The Algerian solidarity convoy of 14 trucks full of medical aid stuck on the Egyptian side of the Rafah border to Gaza.

By Nadia Suleimany Middle East Monitor, 24 August 2017

Egypt’s reasons for refusing aid for Gaza are unconvincing, says Algerian relief chief

A convoy of aid for Gaza from the Algerian Muslim Scholars’ Association has been held up at the Rafah Border Crossing by the Egyptian authorities. [See earlier report on dated 21 August 2017. Ed] The Egyptians have refused to allow the convoy into the Gaza Strip. The head of the relief committee, Sheikh Yahya Sari, believes that this is “irrational”. All he and his team can do now is return to Algeria and hand back the medicine and humanitarian aid before its condition deteriorates.

Echorouk spoke to Sheikh Yahya, who is now in Port Said to complete the return procedures. I asked him what the members of the Committee for the Gaza Relief Convoy had experienced whilst in Egypt, especially at the Rafah crossing, which is located in a very dangerous part of the country.

What is the latest development with the Gaza Relief Convoy after the Egyptian authorities prevented it from going through the Rafah Border Crossing?

We worked hard to get the convoy into the Gaza Strip. We waited for three days at the border crossing in a “high risk” security spot but the Egyptian authorities would not let us enter Gaza. The Algerian ambassador in Egypt explained to us the reasons behind the ban and provided us with the information we needed. In order to preserve the contents of the convoy with which we have been entrusted, we decided to get back to Algeria before the use-by dates expired and the goods deteriorated due to the extreme heat and humidity. The goods had already spent four days in the open at Port Said.
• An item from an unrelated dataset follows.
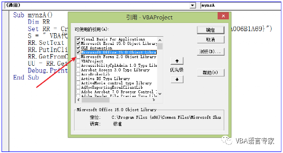 在上部分的讲解中,我们实现了前期绑定的代码,如果我们不想费事不想做前期的绑定,该如何写代码呢?我先给出下面的代码:Sub mynzA() Dim RR Set RR = CreateObject("new:{1C3B4210-F441-11CE-B9EA-00AA006B1A69}") S = " VBA代码解决方案"RR.SetText SRR.PutInClipboardRR.GetFromClipboard UU = RR.GetTextDebug.Print UUEnd Sub 代码截图:代码讲解:这种实现是一种后期绑定的方案,这种方案的讲解我在这套教程的上册中有讲解,这里不再多讲。我们先看一下运行的结果: 在后期绑定中,是没有上述form2库引用的,我们看看后期绑定的引用库:好了,这讲就讲到这里,我们实现了利用剪贴板的前期和后期绑定的两种方案。 本节知识点回向:①实现剪贴板操作的前期绑定如何实现?② 实现剪贴板操作的前期绑定引用的是什么库?③ 实现剪贴板操作的后期绑定如何实现? 本讲代码参考文件:012工作表.xlsm 我20多年的VBA实践经验,全部浓缩在下面的各个教程中,教程学习顺序: 【分享成果,随喜正能量】生活就是用一两分钟的甜,冲淡那七八分钟的苦。
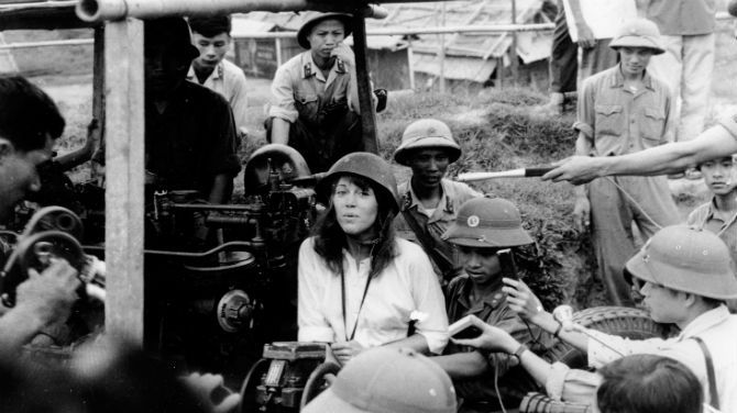 In juli 1972 maakte Jane een controversiële reis naar Hanoi, waar ze de bijnaam ‘Hanoi Jane’ aan dankte (foto). “Ik was een volwassen vrouw. Die soldaten zongen een lied. Ik zong mee in slecht Vietnamees. Ik lachte met hen, applaudisseerde. En daar zijn dan foto’s van genomen,” zei ze rond 2010 tegen Oprah Winfrey. Bij vele Amerikanen ligt deze periode nog steeds gevoelig. In 2004, tijdens de Amerikaanse verkiezingen, werd een vervalste foto van Democratische presidentskandidaat John Kerry met Fonda gebruikt als propaganda tegen Kerry. In 2015 verontschuldigde Jane Fonda zich tegenover Vietnam-veteranen voor haar gedrag: “Ik heb een kolossale, kolossale fout gemaakt, waardoor heel wat mensen dachten dat ik tegen de soldaten ben.”

How did the Egyptian authorities justify preventing the convoy from entering Gaza, even though you obtained prior approval and facilitated security procedures?
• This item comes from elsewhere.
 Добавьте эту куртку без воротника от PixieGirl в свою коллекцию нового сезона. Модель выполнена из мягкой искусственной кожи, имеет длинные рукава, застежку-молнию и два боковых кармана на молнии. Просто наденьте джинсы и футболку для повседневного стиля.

We were only told about this when we reached Rafah. It was a surprise for us to hear the officials telling us that they were not completely convinced about letting the convoy in for a number of reasons. First, they said that the convoy is supposed to be purely medical and not all-inclusive aid. We were carrying aid other than medicine. We told them that we will take the medical goods and hold back the rest of the aid until we get approval, but they said that they would either let everything in or return everything. After that, they told us about the serious security situation the area is experiencing. On Friday, after the prayer, an Egyptian intelligence officer told us that we had to leave. Then he left the crossing zone and all of the staff left after him, telling us that the situation was serious and no one could guarantee our safety.
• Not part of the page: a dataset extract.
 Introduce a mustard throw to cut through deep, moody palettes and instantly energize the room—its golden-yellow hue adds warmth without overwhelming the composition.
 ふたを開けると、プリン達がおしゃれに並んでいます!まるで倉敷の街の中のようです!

What was going on at the Rafah crossing?

We saw dozens of trucks entering and leaving the Gaza Strip loaded with various goods, which makes the justifications given by the Egyptian side to refuse our entry all the more unconvincing.

What did you do after you were prevented from crossing and after the staff left?

We found ourselves alone at the crossing. Before the officer left, he said that he would mention us to the security services. It was, very clearly, an insecure situation, so we left the crossing and headed back across Sinai to Port Said, where we have been waiting since 3am last Friday to return the convoy to Algeria after the completion of the necessary paperwork.

The Egyptian authorities claim that you did not inform them about the contents of the convoy other than medical aid. Is that true?

We respected all the legal procedures necessary for the entry of the convoy into Egypt, and told the authorities about everything that we were carrying. If they had any doubt about what we were carrying, they would have searched the convoy, but they have not inspected it since we entered the country. Our convoy left Port Said for the Rafah crossing and no one provoked us in spite of the curfew in North Sinai. In fact, we were surprised by the unprecedented security provision; we did not even have to stop at all of the security barriers located in Sinai where nobody approached us, because they had received orders [to let us through].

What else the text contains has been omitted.